# My new Burstner.



## capitanjohn

Is the dogs whatnots, but it has a couple of 12volt what appear to be cigar sockets which are not. Does anyone know where i can obtain the male plugs from.

Regards John.


----------



## ICDSUN

John

It is good to hear that you are pleased with your Burstner, we are delighted with our new MH, the plug is a Hella type fitting most decent caravan shops have them about £5 each, I did see them on Ebay also

It seems Burstner have had a busy few months lately with all the new toys arriving recently

Chris


----------



## 96299

Hi John

I just picked up the adapter that you need from the dealers where I bought my motorhome.Maplins would probably do them as well.

steve


----------



## eddievanbitz

Send me a stamped address envelope and I will send you a couple FOC

Eddie Vanbitz
Cornish Farm
Shoreditch
Taunton
TA3 7BS


----------



## 96299

eddievanbitz said:


> Send me a stamped address envelope and I will send you a couple FOC
> 
> Eddie Vanbitz
> Cornish Farm
> Shoreditch
> Taunton
> TA3 7BS


You cant grumble at that.Nice one eddie. =D>


----------



## Burneyinn

Hi John, Glad you have got your MH as last. As you know we've had ours for a few months now and have used it as much as possible. Be interesting to compare notes as to how you get on.

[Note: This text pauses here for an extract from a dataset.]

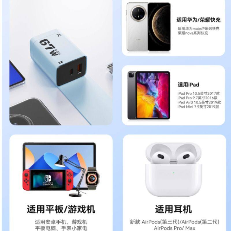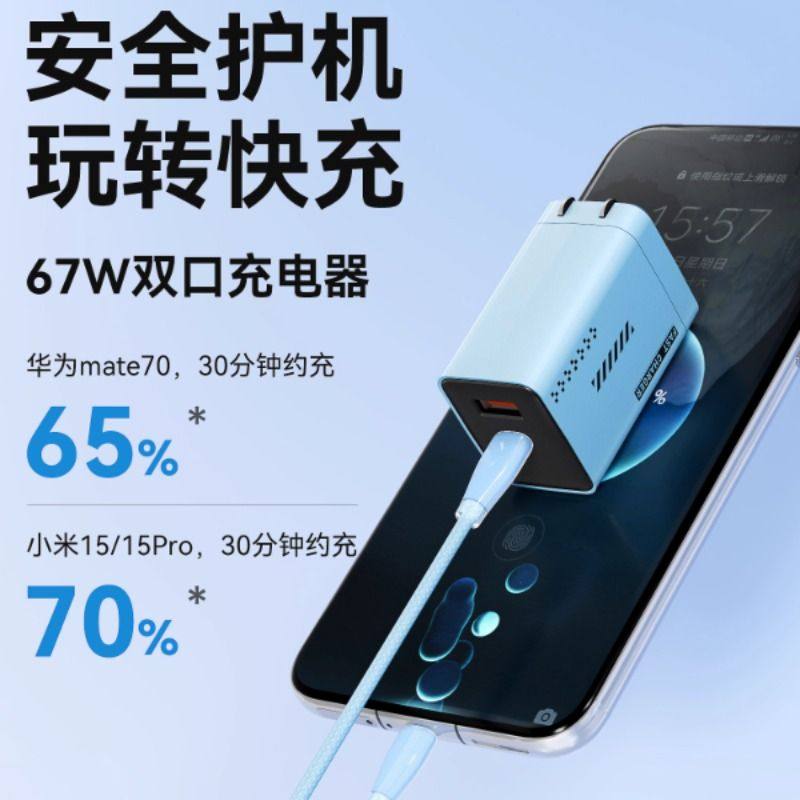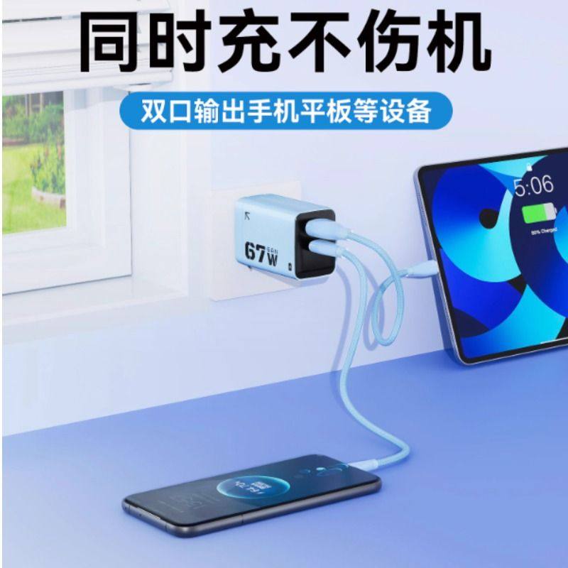 iPad笔记本电脑66W闪充通用插头 c套装 67W氮化镓充电器适用苹果17Promax华为安卓手机双口折叠快充头正品 type

We've no major complaints except the front blinds drive us a bit mad at times as the magnetic strips on the quaterlight blinds don't want to stay put even though we've replaced them twice and they seem to have been a bit economical with the rod over the top of the windscreen blind as it sometimes comes out. We'll have to see how these go.

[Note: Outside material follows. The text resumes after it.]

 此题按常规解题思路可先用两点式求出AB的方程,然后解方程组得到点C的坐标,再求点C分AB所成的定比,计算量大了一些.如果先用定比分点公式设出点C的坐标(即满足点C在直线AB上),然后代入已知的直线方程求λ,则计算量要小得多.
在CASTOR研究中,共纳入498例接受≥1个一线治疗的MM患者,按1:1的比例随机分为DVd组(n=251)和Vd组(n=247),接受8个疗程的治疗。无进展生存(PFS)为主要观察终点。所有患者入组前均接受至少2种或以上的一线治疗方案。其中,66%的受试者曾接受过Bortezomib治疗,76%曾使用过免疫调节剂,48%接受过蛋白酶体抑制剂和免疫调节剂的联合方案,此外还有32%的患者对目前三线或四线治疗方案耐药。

The other issue is the perpetual power drain on the leisure batteries of about 0.8amp supposidly because of various senors which are still active even though you are'nt using anything. Dealer here and in France told as that this is quite usual for this model. We now have 185w of solar panels to counteract this and turn the 12V off at the control panel when not in use.
I see there was a letter in one of the mags from another owner saying it was the radio that was draining it but we do not think that this is the case.
We've changed quite a few of our bulbs to led's as if you put all the lights on at once you would light up the national grid let alone the poor old leisure batteries. This may not be an issue for people who always go on hook up and perhaps that is what Burstner expect. But we do like to be able to do our own thing especially abroad.
All in all is a lovely van and definately has all the comforts of home. The shower being superb.

Enjoy it!

Joy


----------



## capitanjohn

Thanks to all who have responded,just went to the next town's caravan shop and found them.
Special thanks to Eddie from Vanblitz for his very kind offer.

Regards John.


----------



## RichardnGill

John, I got some of those plugs of Eddie a few months ago. He sent them straight out and the worked fine, problem solved. You can not get better than that.

BTW Eddie, have you not ran out of them yet? Thanks again for my free plugs.


Richard...


----------



## thefman

had our first outing in our new one, overall very pleased


----------



## eddievanbitz

Glad that you are sorted out, and Yes Richard I have a few left!


----------



## capitanjohn

Hi Joy,

Yes, we must compare notes on our Elegance's. We bought ours from RDH in Kirkby mainly as they were the only dealer who had one coming through unsold, otherwise it mean't a six month wait. RDH seem quite good but there is room for improvment. 
By the way you mentioned the shower being excellent, how did you know that is the only item on our van that does not work.

Regards John.


----------



## osbam

I have a I 821 Elegance, which had the 0.8A standing current when new. I changed the radio ( the Bluapunkt SatNav is useless) to one which switches off; the constant current in now 0.1A

Osbam


----------



## Burneyinn

I don't blame you buying one off the forecourt. We said if we ever wanted to buy new again we would do this as the wait and delays drive you round the bend. Once you've decided what you want you just want to take it home there and then but as this was a revised model we knew it would be hard to find one at a dealer. 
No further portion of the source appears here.